In the meantime, the VideoCheck machine has been reconfigured and adapted several times to meet all the requirements.

“Completely capturing all features of an implant in one setup is not an easy task, and requires some adaptations on the hardware side as well,” says Klemm. “The Werth Messtechnik technicians were always by our side as fair partners.”

Long Tradition

The roots of Stuckenbrock Medizintechnik in Tuttlingen go back to the year 1884, the year the predecessor firm Karl Vogele was founded. It specialized in the fabrication and sales of surgical instruments.

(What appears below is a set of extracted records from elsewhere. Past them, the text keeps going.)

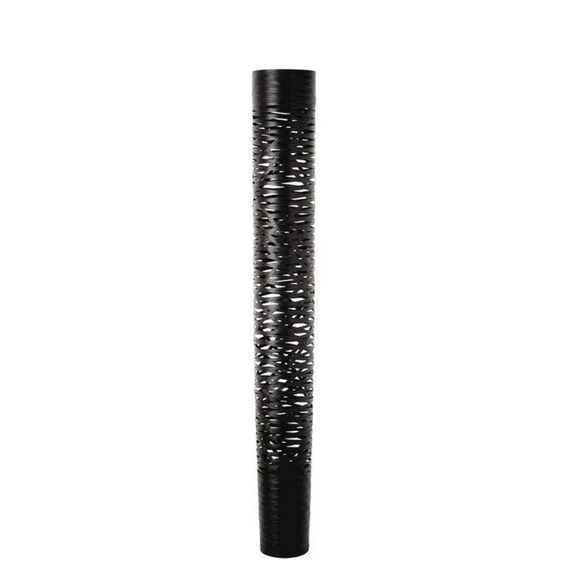 Tress LED Grande Gulvlampe Sort er en detaljeorienteret lampe med et interessant design, der fanger beskuerens blik fra første færd. Lampen har en forholdsvis enkel og geometrisk ren udformning. Overfladen er imidlertid perforeret af et sindrigt hulmønster, der får skærmens materiale til at minde om en flettet struktur. Skærmen er fremstillet af kompositmateriale på en lakeret glasfiberbase – et sindrigt spind af tråde og harpiks, der fungerer som udsmykning, struktur og diffuser på samme tid. Kombinationen af åben og lukket struktur skaber et smukt lysspil, hvor lyset kan trænge ud gennem hullerne men samtidig er afdækket af skærmen, så lyset fremstår diffust og blændfrit. Hulstrukturen skaber et fascinerende samspil mellem lys og skygge, der projiceres ud til alle sider af lampen og skaber en yderst dekorativ belysning.
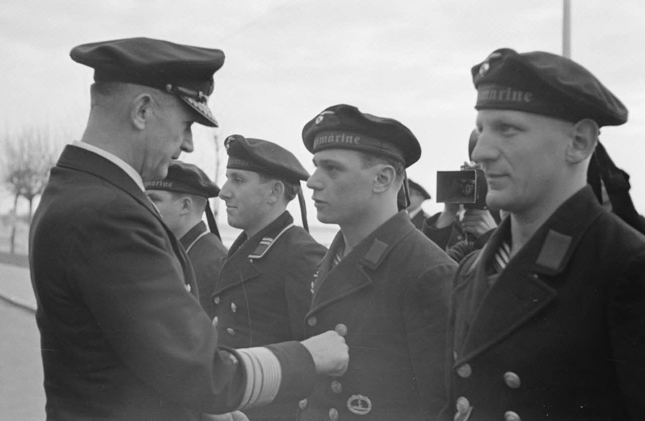 L'amiral Dönitz remet des décorations (croix de fer) en présence du capitaine de corvette (Korvettenkapitän) Herbert Sohler, représentant de la 7.Unterseebootsflottille.
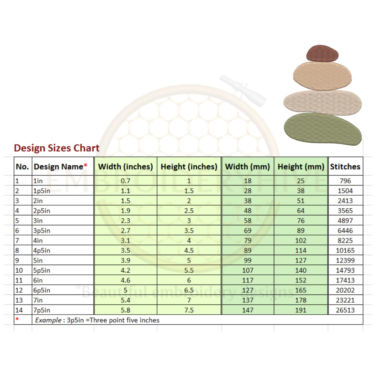 Rock Pile Embroidery Design – A digital download with 14 sizes, from 1" (25mm) to 7.5" (191mm), perfect for embroidery machines.
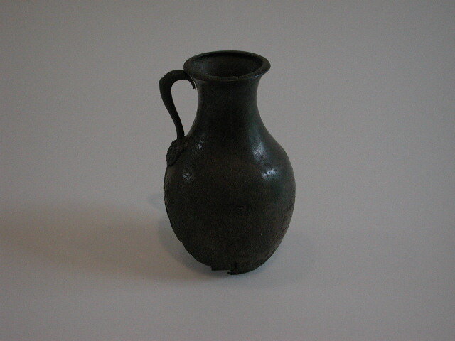 Romeinse kan met oor, met reliƫfmasker versierd.
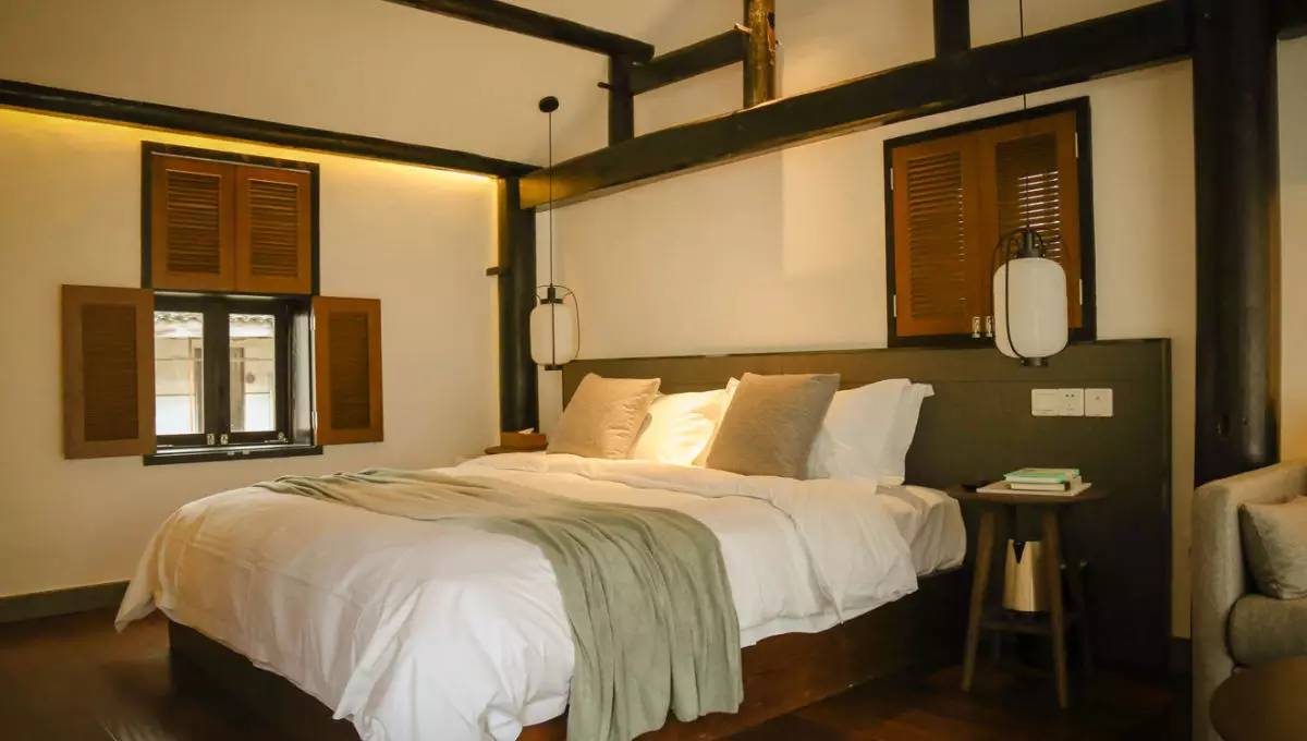 空间设计及文化呈现均汲取当地特色文化,所有的房间命名都别有深意:本安、定安、文木、松壹……这些名字赋予了精心设计的房间以文化内涵,同时又以乡间不可多得的悠闲气息留你多住几日。
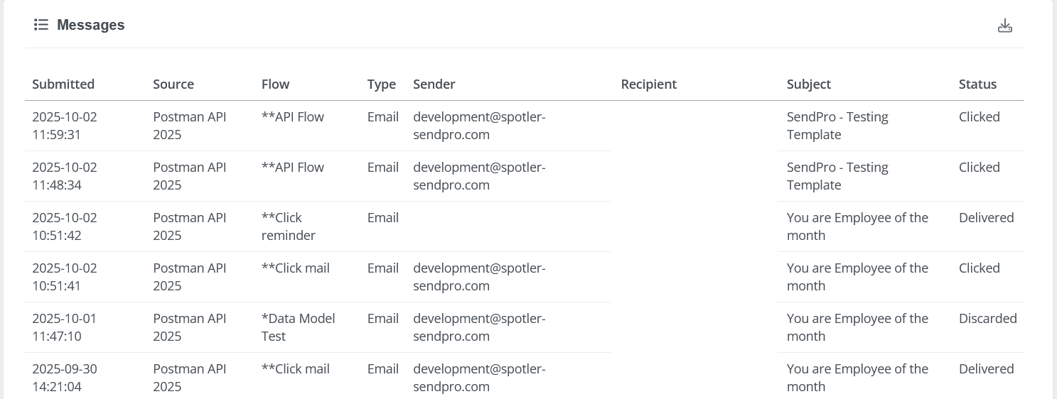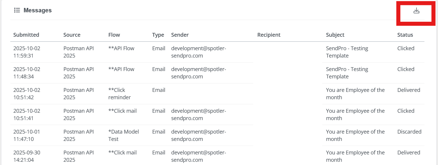 It is possible to export the message details by clicking on the export CSV button on the top right corner of the messages table.
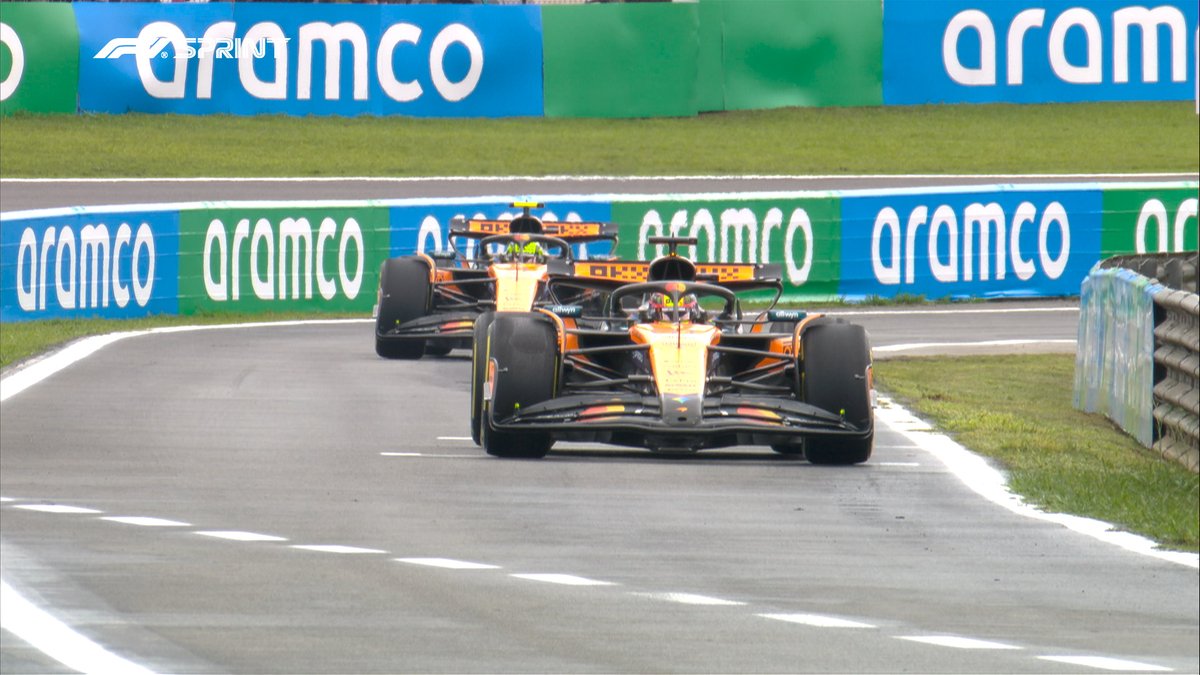F1官方推特账号报道。奥斯卡·皮亚斯特里和兰多·诺里斯驶上赛道进行暖胎圈。周六的F1冲刺赛即将开始。#F1Sprint#F1#BrazilGP

Production of scalpels is still an important pillar of the company. Stuckenbrock has become a shareholder corporation of the KLS Martin Group, which also includes Karl Leibfinger Medizintechnik in Muhlheim, the Martin brothers, and other companies. The various medical technology manufacturers jointly use the name KLS Martin in the marketplace.

KLS Martin is a complete provider, selling everything that is needed in the operating room. Its production spectrum has been divided among the member corporations.

Of the 180 employees at Stuckenbrock, about 40 work in a separate production area that specializes in prosthetics and implants. Introduction and certification (DIN/EN/ISO 9001, EN 46001) and that of Appendix II of the Directive 93/42 EWG in 1995 are intended to ensure the quality of the products.